Zimny, Sebastian; Bourhis, Hélène; Weber, Sabine; Reiter, Florian Paul; Hohenester, Simon; Kraft, Eduard; Mohr, Isabelle; Merle, Uta; Weiss, Karl Heinz; Denk, Gerald.
Afiliação
  • Zimny S; Department of Medicine II, University Hospital, LMU Munich, Marchioninistraße 15, 81377, Munich, Germany. sebastian.zimny@med.uni-muenchen.de.
  • Bourhis H; Department of Medicine II, University Hospital, LMU Munich, Marchioninistraße 15, 81377, Munich, Germany.
  • Weber S; Department of Medicine II, University Hospital, LMU Munich, Marchioninistraße 15, 81377, Munich, Germany.

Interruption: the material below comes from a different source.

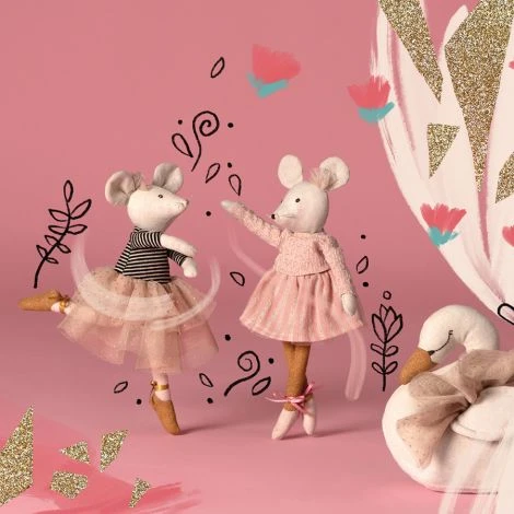 Ihre Liebe zum Ballett bringt diese Moulin Roty Spielpuppe perfekt zum Ausdruck. Das zarte Outfit ist einfach wunderschön und bereitet beim Tanzen umso mehr Freude. Natürlich kuschelt die Moulin Roty Maus auch gern – jede Primaballerina braucht ihre erholsamen Pausen.

  • Reiter FP; Department of Medicine II, University Hospital, LMU Munich, Marchioninistraße 15, 81377, Munich, Germany.
  • Hohenester S; Department of Medicine II, University Hospital Würzburg, Oberdürrbacher Straße 6, 97080, Würzburg, Germany.
  • Kraft E; Department of Medicine II, University Hospital, LMU Munich, Marchioninistraße 15, 81377, Munich, Germany.
  • Mohr I; Department of Physical Medicine and Rehabilitation, University Hospital, LMU Munich, Marchioninistraße 15, 81377, Munich, Germany.
  • Merle U; Department of Internal Medicine IV, University Hospital Heidelberg, Im Neuenheimer Feld 410, 69120, Heidelberg, Germany.
  • Weiss KH; Department of Internal Medicine IV, University Hospital Heidelberg, Im Neuenheimer Feld 410, 69120, Heidelberg, Germany.
  • Denk G; Internal Medicine, Salem Medical Center, Zeppelinstraße 11 - 33, 69121, Heidelberg, Germany.
Orphanet J Rare Dis ; 18(1): 122, 2023 05 24.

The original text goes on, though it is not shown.